The woman didn’t raise any alarm bells with me, but she did encourage me to start giving him more tummy time—perhaps more often, but for shorter periods. We needed to see how much of his not crawling had to do with the fact that he didn’t have enough practice and motivation, or, if he still didn’t progress in the next month (he was eleven months when I brought him in), then I might want to look into whether he had weak muscle tone. Also, she encouraged me to give him plenty of opportunities to practice standing, for instance by putting toys on the couch for him to reach for and play with while standing up.
I’d done this before, but now I was definitely more motivated because I had concrete suggestions, perspective, and accountability to someone whom I trusted and liked. It just was that much more on my radar to make sure Cedar got more than just one token attempt at tummy time a day.
It’s been amazing to watch how much he has now learned and explored in just a few short weeks. I don’t know how much of this had to do with my efforts, and how much coincided with the timing and the fact that he was just ready, but it didn’t take long for him to get more tolerant of hanging out on his tummy (reading to him in that position worked well since he loves books), even if he still was far from crawling. And then one day he figured out how to push himself up back onto his knees and then awkwardly get his legs out from under him back into his favored triangle-leg sitting position. This was huge! Once he practiced this a few more times and mastered it, then being put on his tummy was no longer a big deal since he could easily push himself back up. Granted, this means he is still not increasing his tummy time, but what he has been doing is lunging for things, falling onto his tummy, then sitting back up. Or else he’ll use one leg to scoot himself around on his bottom. I can still get away with plopping him down with some books on the floor and going into the other room for a minute (max), but on the contrary, I am getting more cautious about leaving him in the middle of our king-sized bed for even a few seconds (especially if our cat, Miles, is lying there, for Miles is one “forbidden to grab object” that Cedar will not hesitate to lunge towards). While it’s been kind of nice to have been able to delay worrying about childproofing (especially our bed, which we all sleep on and which we’ll have to change to just a mattress on the floor really soon), this is not something that I have wanted to brag about.
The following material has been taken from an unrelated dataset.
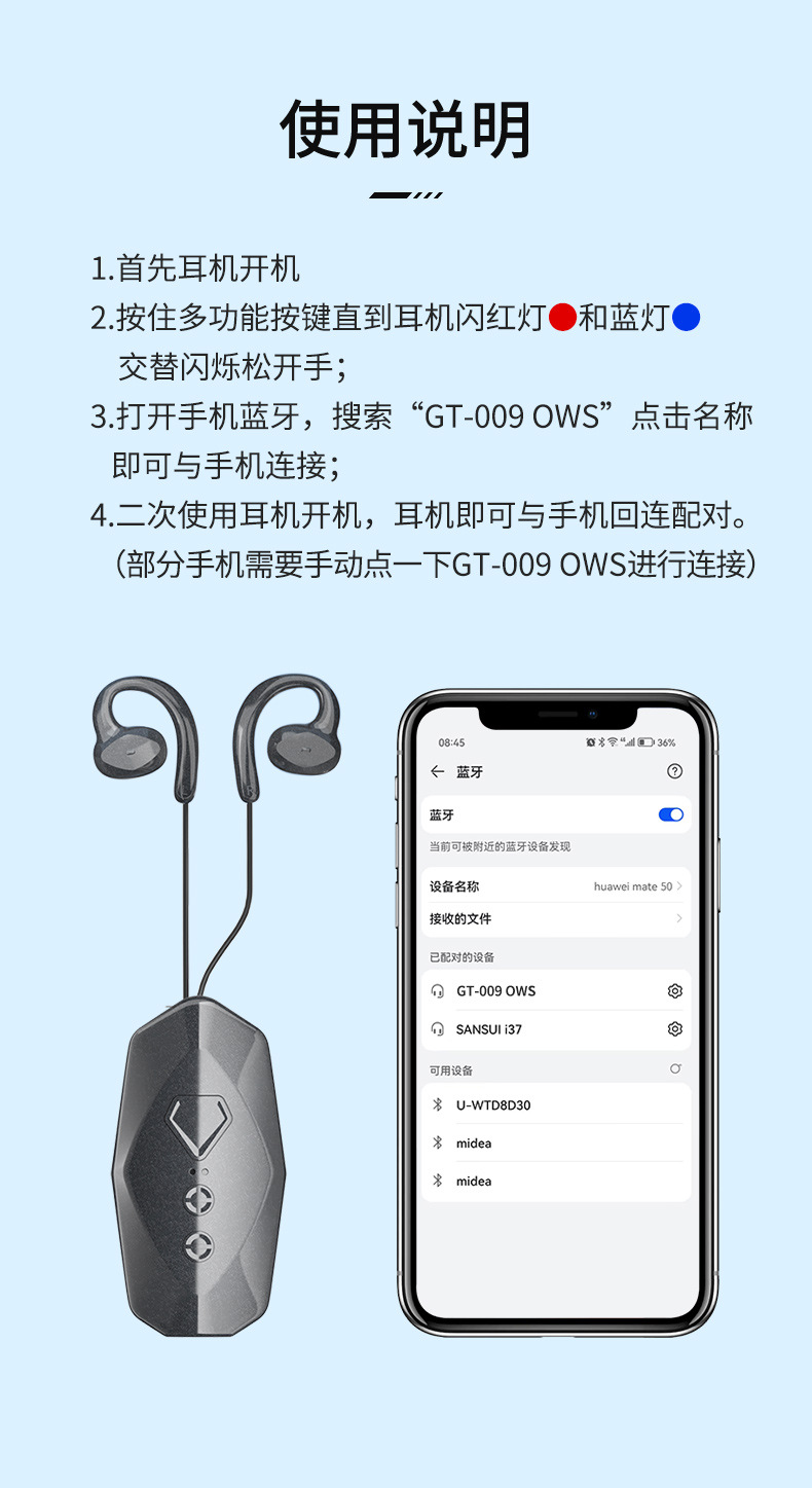2025 칼라 클립 무선 블루투스 헤드셋은 귀에 닿지 않으며, 긴 지구력, 소음 감소, 노래 듣기, 비즈니스 테이크 아웃 라이더, 유니버설

Although Cedar still lags behind many of his peers who mastered crawling long ago and are well on their way to walking, I know that there is a big range in which babies hit their milestones and now that he’s made so much progress in just a few weeks, I feel reaffirmed not to worry. I also know better than to blame myself or worry that I created his lack of motivation to move because I “carry him too much” or bring toys to his side. Surely giving him more tummy time helped, but I also think that the main factor in how kids develop has to do with their innate personalities and bodies. Cedar has never liked to be laid down for long (perhaps partly due to his frequent early discomfort from gas?), and so I’ve held him all the more. Cedar has also always been a watchful baby, content to sit back and take things in as opposed to a baby who impulsively lunges and grabs for things. He loves books and is content to sit there flipping through one after another on his own. He alternates between being quiet and serious, and being loud and talkative. I continue to be astounded by how fast he recognizes new songs and words.
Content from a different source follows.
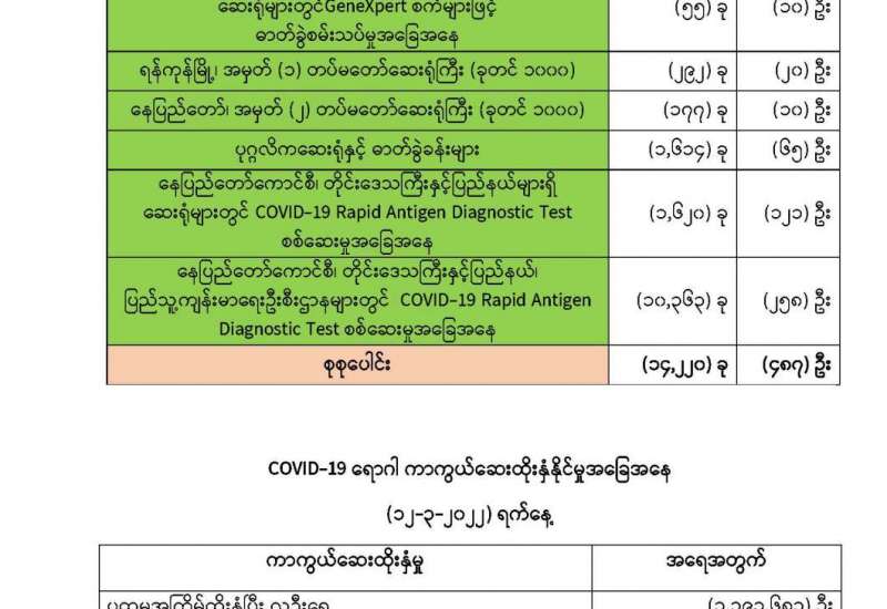 ကျန်းမာရေးဝန်ကြီးဌာနအနေဖြင့် နိုင်ငံအတွင်း ကူးစက်ဖြစ်ပွားနေသော COVID-19 ရောဂါ ကာကွယ်၊ ကုသ၊ ထိန်းချုပ်ရေး လုပ်ငန်းများကို အရှိန်အဟုန်မြှင့်ဆောင်ရွက်လျက်ရှိရာ ရောဂါထိန်းချုပ်ရေးလုပ်ငန်းများ အောင်မြင်နိုင်ရေးအတွက် ပြည်သူလူထု အနေဖြင့် ကျန်းမာရေးဝန်ကြီးဌာနမှ ထုတ်ပြန်ထားသော COVID-19 ရောဂါ ကာကွယ်ထိန်းချုပ်ရေးဆိုင်ရာ စည်းကမ်းများကို စနစ်တကျ လိုက်နာဆောင်ရွက်ရန် လိုအပ်ပြီး COVID-19 ကာကွယ်ဆေးထိုးနှံမှုခံယူခြင်းအား အထူးဂရုပြု ပူးပေါင်းဆောင်ရွက် ကြရန် လိုအပ်ပါသည်။

Even though Cedar will probably be a late walker too, I am nevertheless beginning to see the toddler in him emerging. This is both exciting and a bit scary (can you say, hello temper tantrums and stubborn will?). Although he has yet to utter his first words beyond mama and dada (and perhaps a few others I can’t be sure of), I can tell he understands so much more than I realize. I ask, “Do you want to read a story?” and his eyes flash up to the bookshelf by the bed. “How about ‘Mud’?” I’ll say, and he’ll smile and pant and wave his arms excitedly. In response to other questions he’ll answer simply by uttering the all-purpose affirmative syllable, “Na.” I feel like I can now have a call and response conversation with him, and I witness more and more of his distinct little person every day. What happened to my baby? He’s still there. But so now is the vision of a growing, opinionated child.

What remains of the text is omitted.